■ DATA ■
------------------------------------------------------------------------

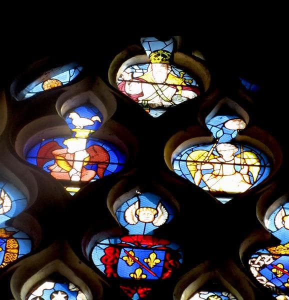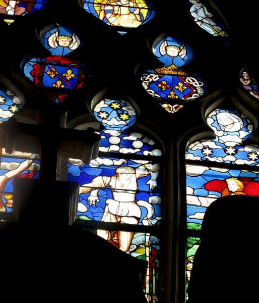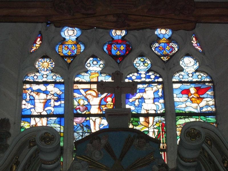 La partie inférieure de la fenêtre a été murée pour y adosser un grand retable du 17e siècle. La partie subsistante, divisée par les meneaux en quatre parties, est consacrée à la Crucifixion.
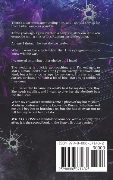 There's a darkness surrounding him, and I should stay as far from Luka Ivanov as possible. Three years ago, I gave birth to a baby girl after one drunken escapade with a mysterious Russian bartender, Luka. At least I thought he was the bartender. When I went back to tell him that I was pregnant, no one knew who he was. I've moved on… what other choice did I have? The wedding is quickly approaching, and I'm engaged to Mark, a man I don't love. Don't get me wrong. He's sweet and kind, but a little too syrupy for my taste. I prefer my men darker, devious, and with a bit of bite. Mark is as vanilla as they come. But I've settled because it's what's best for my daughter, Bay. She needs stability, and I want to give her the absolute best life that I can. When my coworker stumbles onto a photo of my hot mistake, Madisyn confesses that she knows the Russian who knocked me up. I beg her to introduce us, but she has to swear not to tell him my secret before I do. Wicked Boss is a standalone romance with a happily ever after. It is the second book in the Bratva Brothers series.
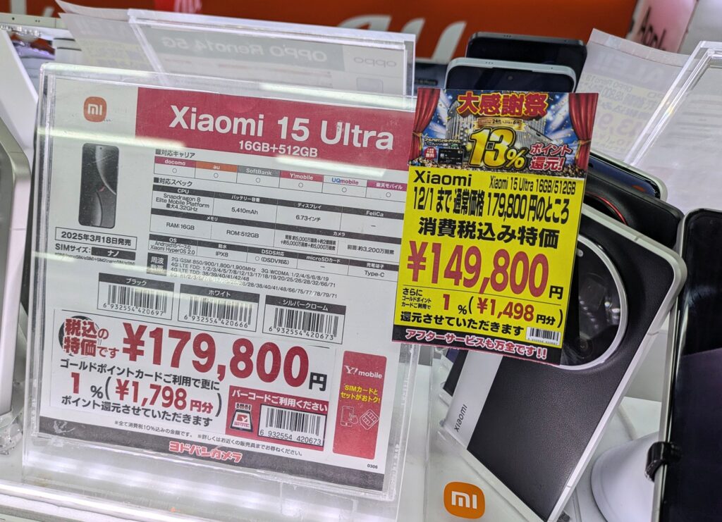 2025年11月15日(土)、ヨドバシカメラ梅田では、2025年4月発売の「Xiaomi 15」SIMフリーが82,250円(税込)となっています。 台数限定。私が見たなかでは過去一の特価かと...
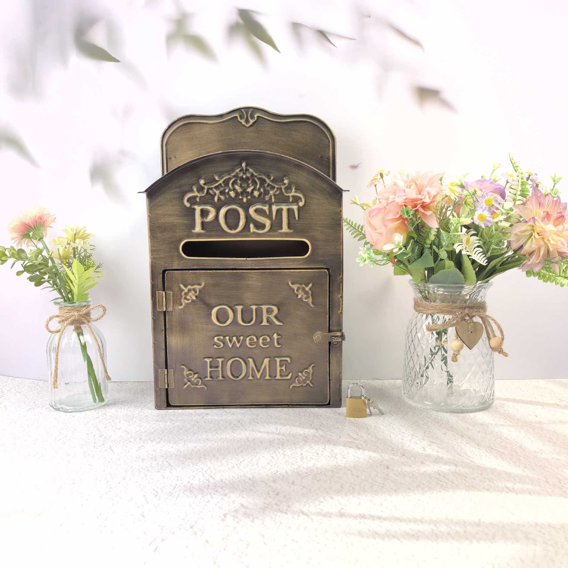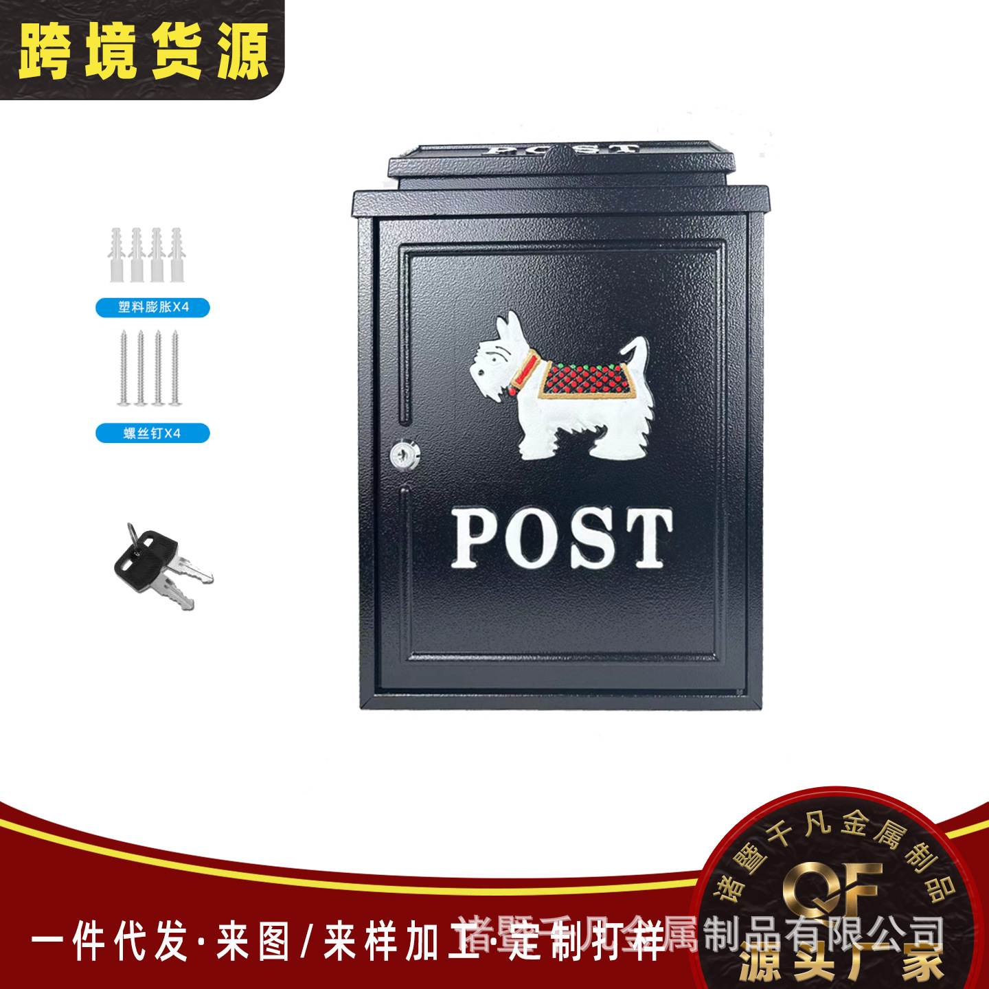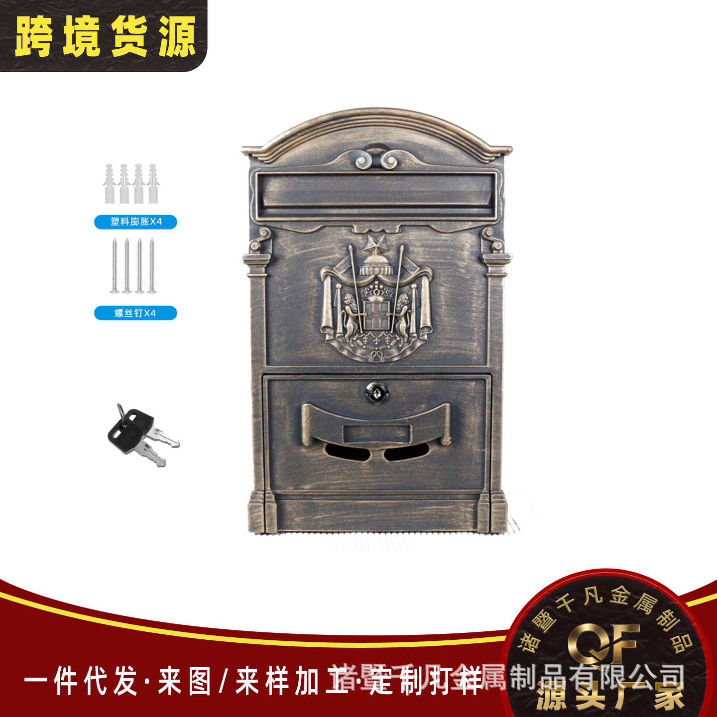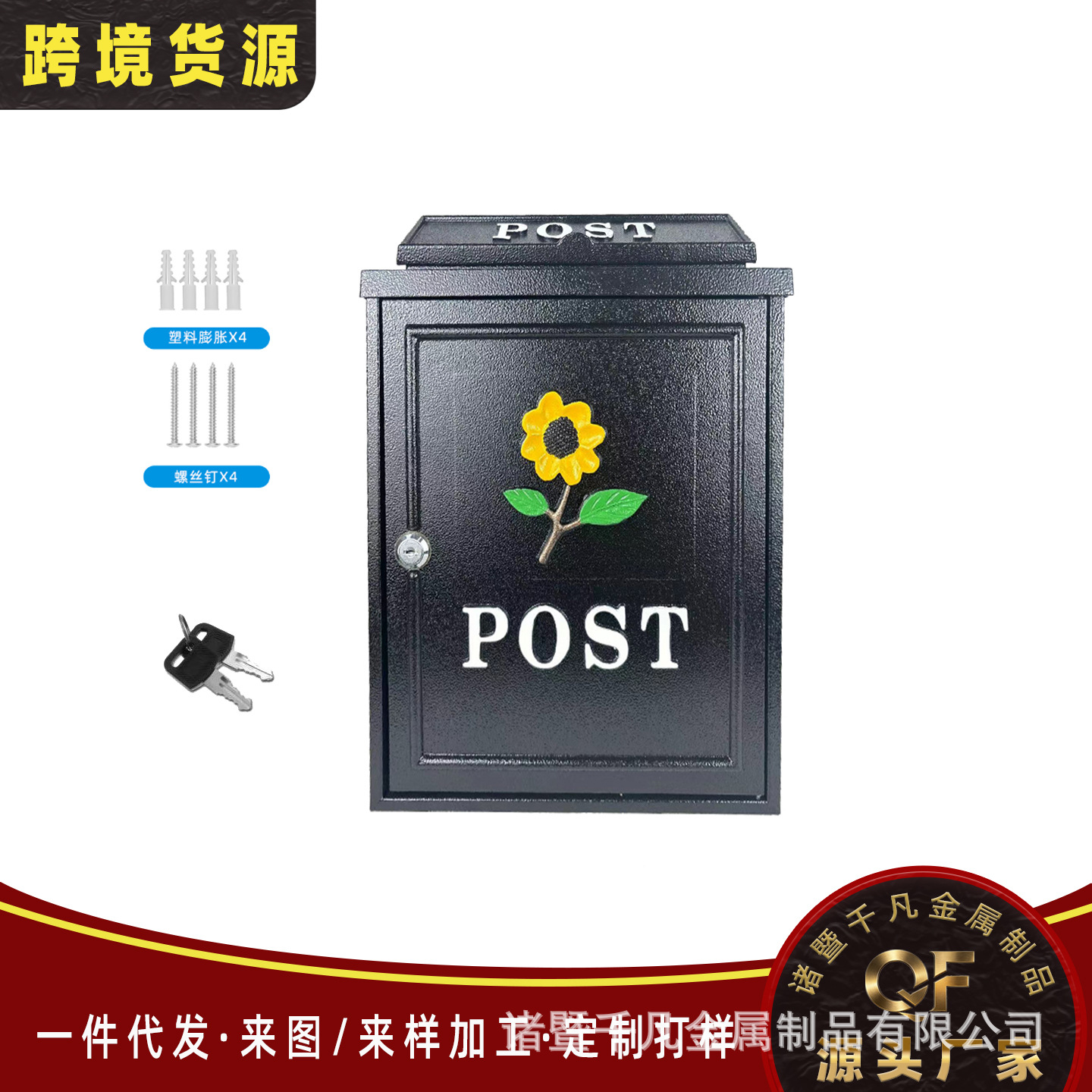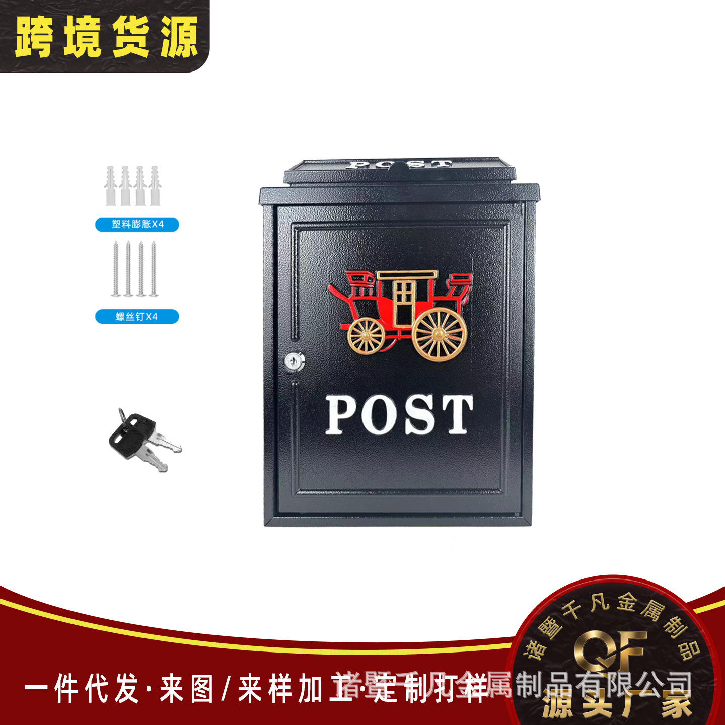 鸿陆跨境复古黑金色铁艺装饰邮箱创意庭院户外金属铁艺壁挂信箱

------------------------------------------------------------------------

■ YOUR TASK ■
Exclude every image and return the material above exactly.

■ EXERCISE ANSWER ■
 La partie inférieure de la fenêtre a été murée pour y adosser un grand retable du 17e siècle. La partie subsistante, divisée par les meneaux en quatre parties, est consacrée à la Crucifixion.
 There's a darkness surrounding him, and I should stay as far from Luka Ivanov as possible. Three years ago, I gave birth to a baby girl after one drunken escapade with a mysterious Russian bartender, Luka. At least I thought he was the bartender. When I went back to tell him that I was pregnant, no one knew who he was. I've moved on… what other choice did I have? The wedding is quickly approaching, and I'm engaged to Mark, a man I don't love. Don't get me wrong. He's sweet and kind, but a little too syrupy for my taste. I prefer my men darker, devious, and with a bit of bite. Mark is as vanilla as they come. But I've settled because it's what's best for my daughter, Bay. She needs stability, and I want to give her the absolute best life that I can. When my coworker stumbles onto a photo of my hot mistake, Madisyn confesses that she knows the Russian who knocked me up. I beg her to introduce us, but she has to swear not to tell him my secret before I do. Wicked Boss is a standalone romance with a happily ever after. It is the second book in the Bratva Brothers series.
 2025年11月15日(土)、ヨドバシカメラ梅田では、2025年4月発売の「Xiaomi 15」SIMフリーが82,250円(税込)となっています。 台数限定。私が見たなかでは過去一の特価かと...
 鸿陆跨境复古黑金色铁艺装饰邮箱创意庭院户外金属铁艺壁挂信箱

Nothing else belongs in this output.